Someone wrote me this about threads:

"Thread running depends on the VM Scheduler and there is NO guaranteed a Thread will run and pick by the VM Scheduler despite you have started the Thread with a call x.start(). When you started the Thread it's just in a RUNNABLE STATE, reread the chapter until you fully understood"

(Chapter 9 Thread - Sun Certified Programmer for Java 6 - Study Guide (310-065) - Kathy Sierra and Bert Bates - 2008)

It is the red sentence that make me really confused. Actually, I read that chapter several times, and I could not read this kind of affirmation in all the chapter. What I could read is this,

From the book (pages 713 and 714)



And the authors wrote this:

Nothing is guaranteed in the preceding code EXCEPT this:

Each thread will start, and each thread will run to completion.



I try to explain myself, what I understood from the sentence in the book: Each thread will start, and each thread will run to completion

$java ManyNames

After this call, main method from the class ManyNames is invoked and the JVM execute the code in that method sequentially.
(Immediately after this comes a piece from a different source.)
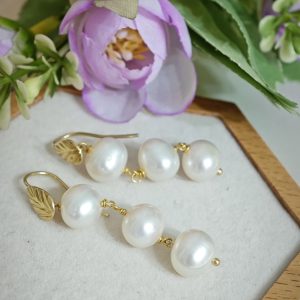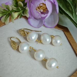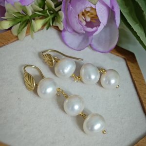 Collana con orecchini perle bianche naturali e argento 925, gioielli italiani

When the main thread calls one.start(), the one thread (Java thread) is mapped with an Operative System thread (well, in most implementations), but the important thing, the one thread (Java thread) gets the RUNNABLE state waiting for a chance to get the RUNNING state an start the execution of the run() method of its target Runnable. So, at this point we have two thread that can be chosen to get the RUNNING state, main thread and the thread one. Assume main thread executes main method to the end. In this case, the calls two.start() and three.start() are invoked. Main thread finishes, and we have three alive threads waiting for its turn to get the RUNNING state. For me run to completion means that all these threads will print three times the sentence:

"Run by [THREAD NAME: Fred, Lucy or Ricky], x is [1, 2 or 3]"

And all of them will finish their run() method (AS THE CODE STANDS). One possible output could be:
Run by Fred, x is 1
Run by Lucy, x is 1
Run by Lucy, x is 2
Run by Fred, x is 2
Run by Lucy, x is 3
Run by Fred, x is 3
Run by Ricky, x is 1
Run by Ricky, x is 2
Run by Ricky, x is 3

But this order is not guaranteed.

So, my question is simple, if we execute THIS CODE (without any changed) in ANY Java Virtual Machine, is it GUARANTEED that all started threads (main thread, Fred, Lucy and Ricky) will run to completion OR I have to believe what the guy wrote me: there is NO guaranteed a Thread will run and pick by the VM Scheduler despite you have started the Thread with a call x.start()?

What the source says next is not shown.